EXERCISE DIRECTIONS ->
Lines below starting with the line with "Good American twill" and going on through the line with "This is a really" must be output exactly; the rest of the records must be left out.

SUPPLIED MATERIAL ->
☆ ☆ ☆ ☆
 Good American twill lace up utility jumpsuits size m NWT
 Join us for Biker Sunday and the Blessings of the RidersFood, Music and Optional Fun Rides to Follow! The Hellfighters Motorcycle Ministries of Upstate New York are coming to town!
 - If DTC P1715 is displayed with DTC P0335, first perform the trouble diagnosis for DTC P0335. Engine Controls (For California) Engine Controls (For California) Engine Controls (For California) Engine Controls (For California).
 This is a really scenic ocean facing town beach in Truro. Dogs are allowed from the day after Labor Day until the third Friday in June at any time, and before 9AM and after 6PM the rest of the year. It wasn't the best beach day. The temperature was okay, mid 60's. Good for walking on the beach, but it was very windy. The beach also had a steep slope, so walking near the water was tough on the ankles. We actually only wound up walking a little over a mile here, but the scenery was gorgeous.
☆ ☆ ☆ ☆
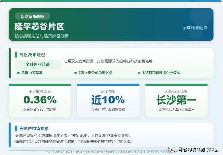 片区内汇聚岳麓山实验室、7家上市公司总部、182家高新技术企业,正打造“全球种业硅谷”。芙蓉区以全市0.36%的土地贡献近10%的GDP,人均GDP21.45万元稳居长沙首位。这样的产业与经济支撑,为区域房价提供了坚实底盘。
☆ ☆ ☆ ☆
RESPONSE TO THIS TASK ->
 Good American twill lace up utility jumpsuits size m NWT
 Join us for Biker Sunday and the Blessings of the RidersFood, Music and Optional Fun Rides to Follow! The Hellfighters Motorcycle Ministries of Upstate New York are coming to town!
 - If DTC P1715 is displayed with DTC P0335, first perform the trouble diagnosis for DTC P0335. Engine Controls (For California) Engine Controls (For California) Engine Controls (For California) Engine Controls (For California).
 This is a really scenic ocean facing town beach in Truro. Dogs are allowed from the day after Labor Day until the third Friday in June at any time, and before 9AM and after 6PM the rest of the year. It wasn't the best beach day. The temperature was okay, mid 60's. Good for walking on the beach, but it was very windy. The beach also had a steep slope, so walking near the water was tough on the ankles. We actually only wound up walking a little over a mile here, but the scenery was gorgeous.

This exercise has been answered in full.